Recorded data –
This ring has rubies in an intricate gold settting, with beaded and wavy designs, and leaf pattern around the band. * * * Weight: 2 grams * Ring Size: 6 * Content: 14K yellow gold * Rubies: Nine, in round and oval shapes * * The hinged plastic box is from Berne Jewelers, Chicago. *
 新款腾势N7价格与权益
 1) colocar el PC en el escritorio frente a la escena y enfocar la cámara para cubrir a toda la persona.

==

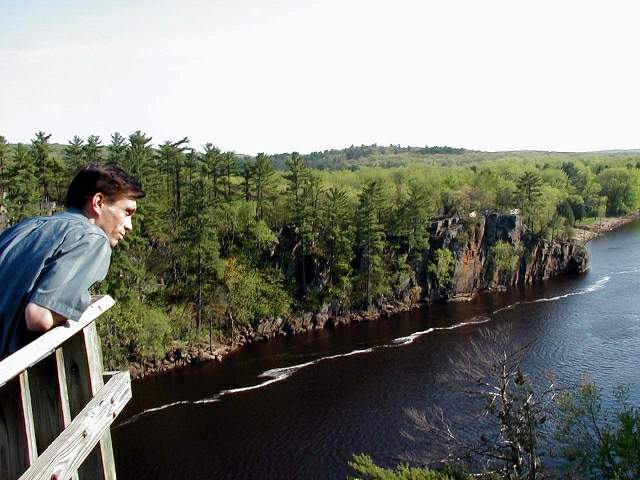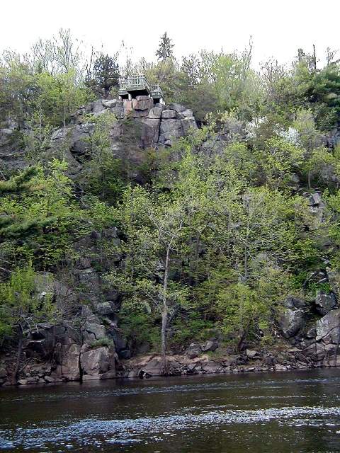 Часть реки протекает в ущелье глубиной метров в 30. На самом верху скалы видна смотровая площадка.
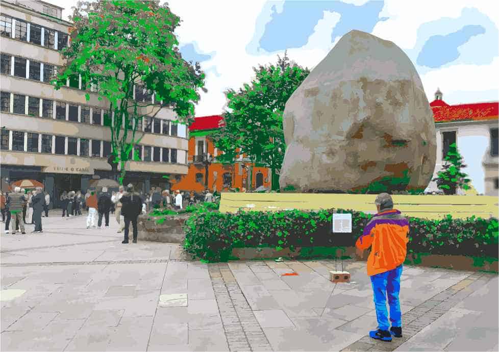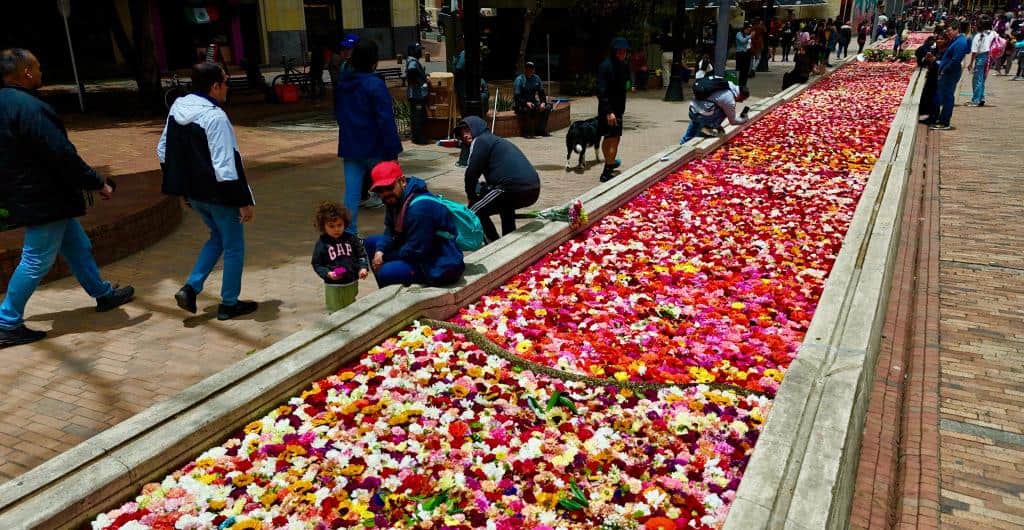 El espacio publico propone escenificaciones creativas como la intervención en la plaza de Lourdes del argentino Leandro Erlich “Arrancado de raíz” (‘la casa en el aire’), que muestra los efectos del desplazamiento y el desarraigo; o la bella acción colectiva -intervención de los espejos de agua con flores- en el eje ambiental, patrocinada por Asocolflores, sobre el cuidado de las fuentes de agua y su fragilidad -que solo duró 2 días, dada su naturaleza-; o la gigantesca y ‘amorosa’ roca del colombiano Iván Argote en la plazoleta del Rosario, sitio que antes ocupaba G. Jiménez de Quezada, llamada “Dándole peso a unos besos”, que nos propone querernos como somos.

What the task asks –
Within the material above, copy exactly the lines from the line that holds "This ring has" up to and including the line that holds "新款腾势N7价格与权益".

Written answer –
This ring has rubies in an intricate gold settting, with beaded and wavy designs, and leaf pattern around the band. * * * Weight: 2 grams * Ring Size: 6 * Content: 14K yellow gold * Rubies: Nine, in round and oval shapes * * The hinged plastic box is from Berne Jewelers, Chicago. *
 新款腾势N7价格与权益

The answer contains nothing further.